▶ [AVAILABLE RECORDS]:
Segment Open

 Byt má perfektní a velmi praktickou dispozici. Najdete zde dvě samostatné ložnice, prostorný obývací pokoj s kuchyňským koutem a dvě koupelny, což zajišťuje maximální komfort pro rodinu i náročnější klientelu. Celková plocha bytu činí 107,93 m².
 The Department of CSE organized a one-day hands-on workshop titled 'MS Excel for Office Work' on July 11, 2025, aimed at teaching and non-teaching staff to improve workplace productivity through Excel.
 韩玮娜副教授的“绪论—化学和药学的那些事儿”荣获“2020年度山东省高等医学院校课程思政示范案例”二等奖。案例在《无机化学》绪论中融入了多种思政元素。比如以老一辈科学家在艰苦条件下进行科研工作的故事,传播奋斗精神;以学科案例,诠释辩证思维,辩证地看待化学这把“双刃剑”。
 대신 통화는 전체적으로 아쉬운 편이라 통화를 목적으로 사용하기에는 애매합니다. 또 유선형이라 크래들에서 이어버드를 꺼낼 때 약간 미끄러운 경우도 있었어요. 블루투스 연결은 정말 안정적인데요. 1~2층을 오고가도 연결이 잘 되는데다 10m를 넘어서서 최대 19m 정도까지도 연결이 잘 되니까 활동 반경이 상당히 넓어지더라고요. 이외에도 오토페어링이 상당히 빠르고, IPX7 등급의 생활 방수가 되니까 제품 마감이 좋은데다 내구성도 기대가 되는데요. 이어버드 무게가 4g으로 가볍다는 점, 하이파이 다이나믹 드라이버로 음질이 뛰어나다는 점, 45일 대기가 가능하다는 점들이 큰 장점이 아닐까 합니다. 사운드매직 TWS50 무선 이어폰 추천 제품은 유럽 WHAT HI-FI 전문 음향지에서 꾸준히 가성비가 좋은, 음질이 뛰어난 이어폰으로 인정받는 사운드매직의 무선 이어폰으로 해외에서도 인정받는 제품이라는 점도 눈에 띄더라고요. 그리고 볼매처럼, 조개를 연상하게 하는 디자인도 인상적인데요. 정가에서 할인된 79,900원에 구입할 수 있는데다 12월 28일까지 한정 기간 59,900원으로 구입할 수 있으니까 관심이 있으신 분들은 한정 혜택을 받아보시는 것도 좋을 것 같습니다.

Segment Closed
Segment Open

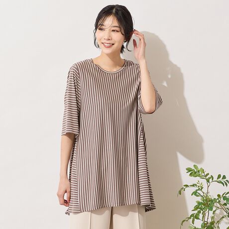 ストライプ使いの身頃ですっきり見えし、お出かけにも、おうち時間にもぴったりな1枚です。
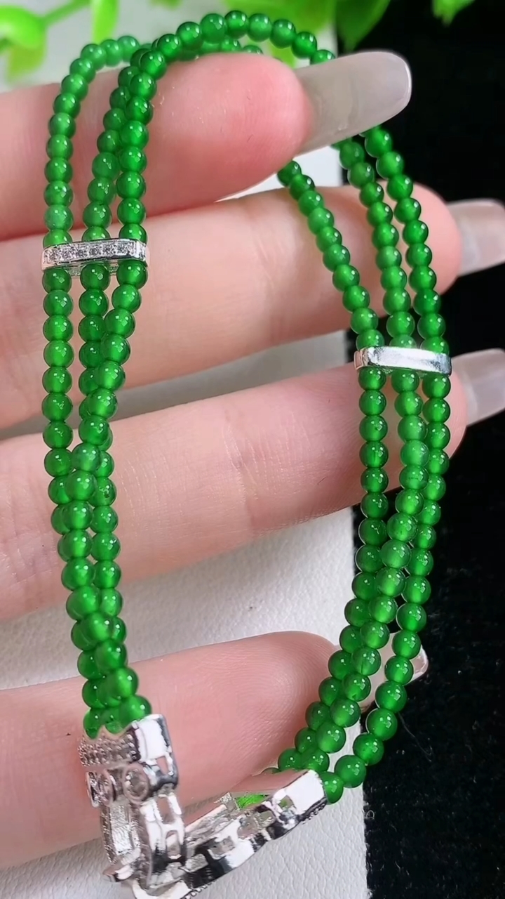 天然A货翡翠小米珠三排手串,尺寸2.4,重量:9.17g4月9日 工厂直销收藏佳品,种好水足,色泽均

Segment Closed
Segment Open

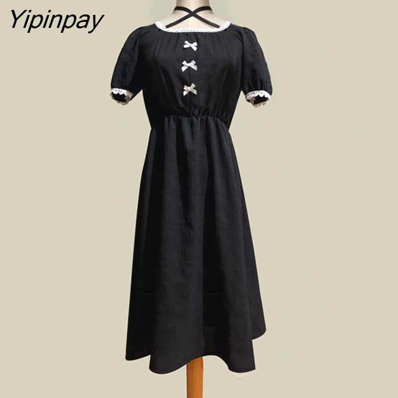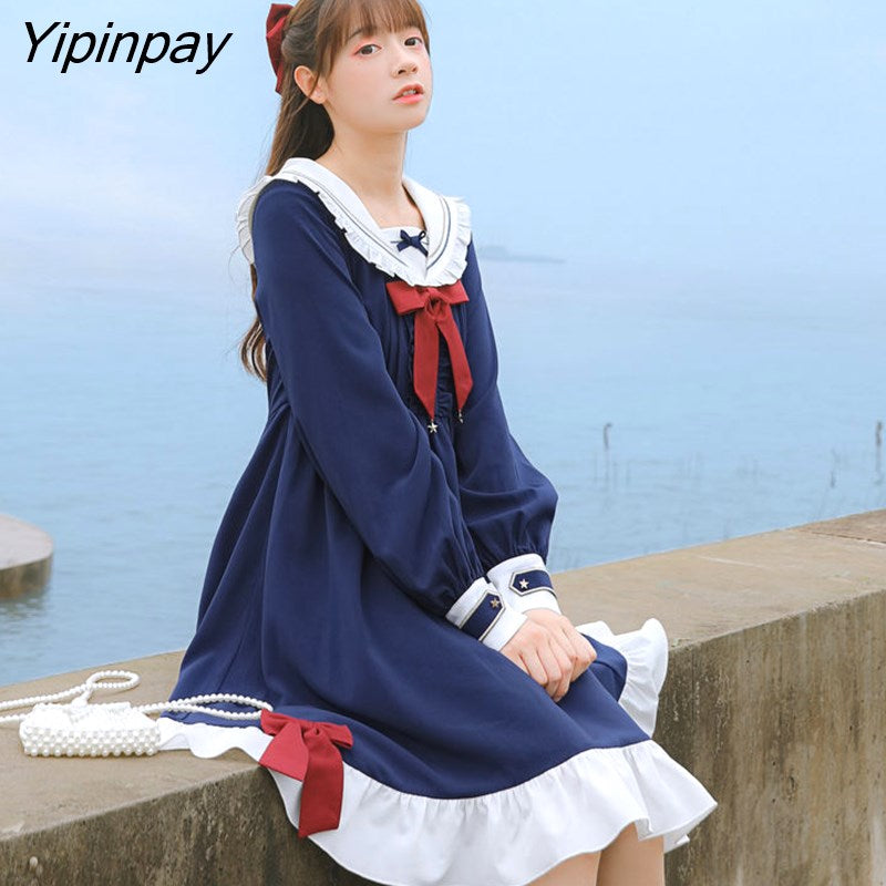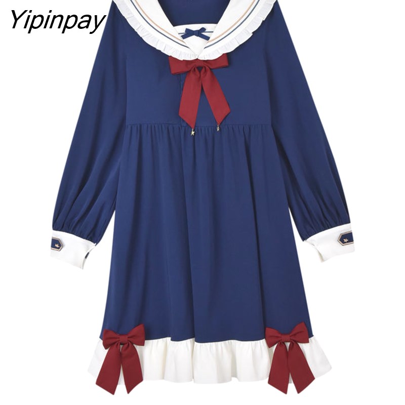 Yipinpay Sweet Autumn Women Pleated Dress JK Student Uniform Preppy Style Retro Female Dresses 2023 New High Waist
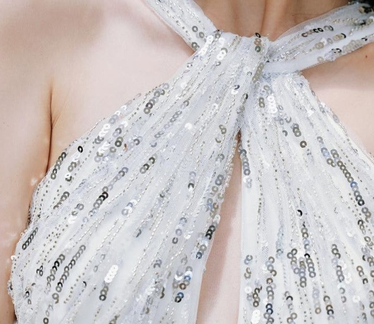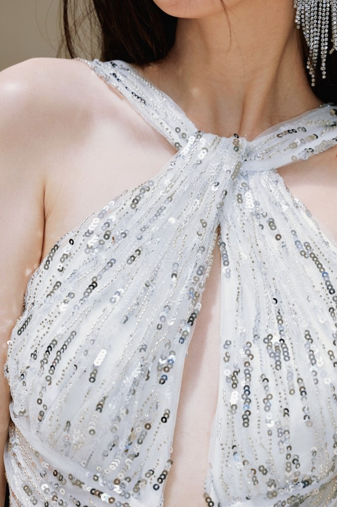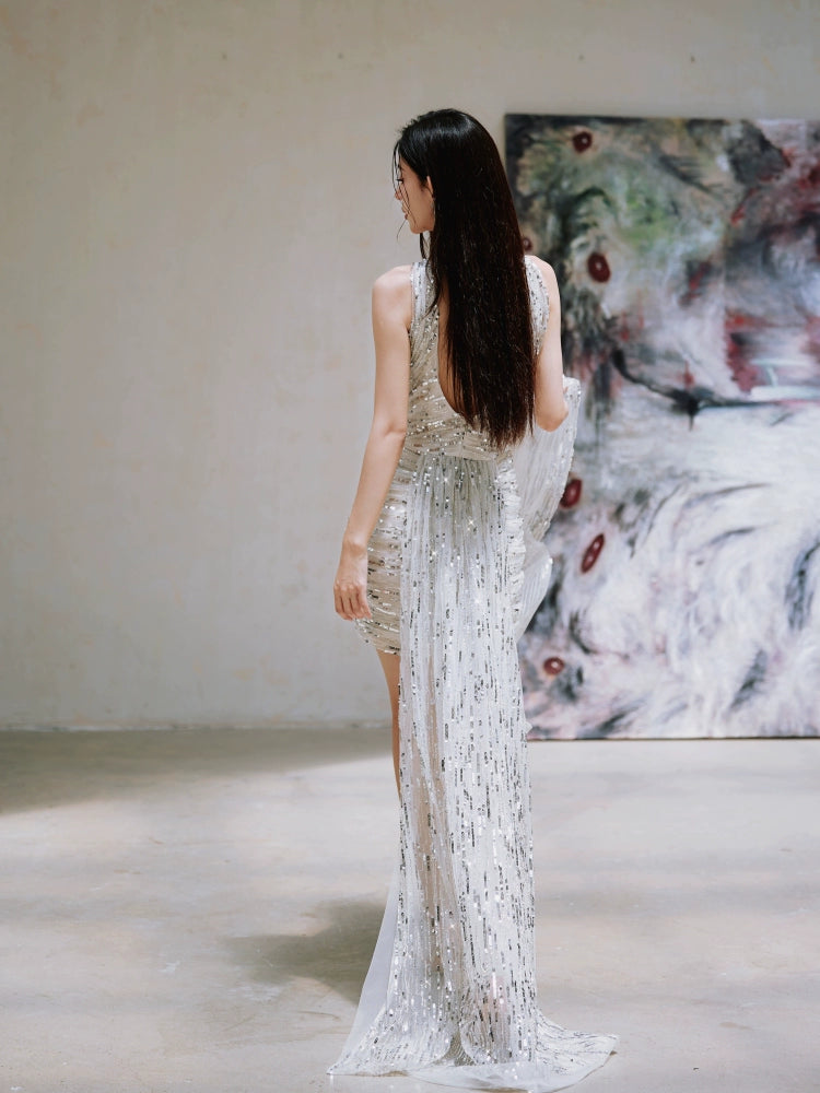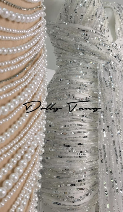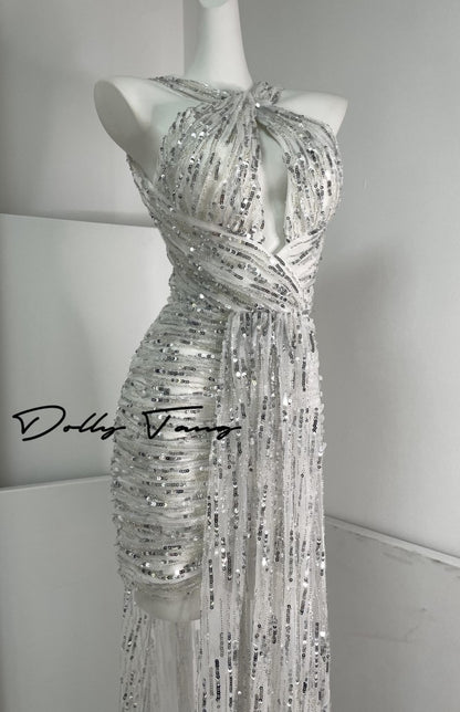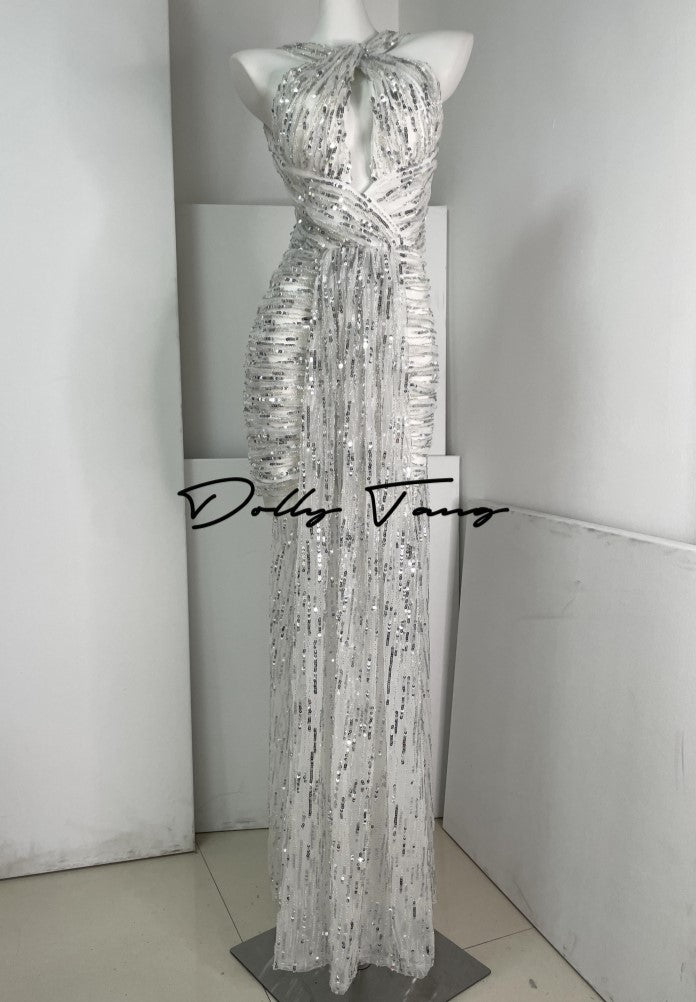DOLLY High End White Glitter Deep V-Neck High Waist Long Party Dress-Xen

Segment Closed

▶ [WORK TASK]: Output exactly the lines above, from the line with "ストライプ使いの身頃ですっき" to the line with "天然A货翡翠小米珠三排手串,尺寸2.4,重量:9.17g", both included; skip the pictures.

▶ [SOLVED EXERCISE]:
 ストライプ使いの身頃ですっきり見えし、お出かけにも、おうち時間にもぴったりな1枚です。
 天然A货翡翠小米珠三排手串,尺寸2.4,重量:9.17g4月9日 工厂直销收藏佳品,种好水足,色泽均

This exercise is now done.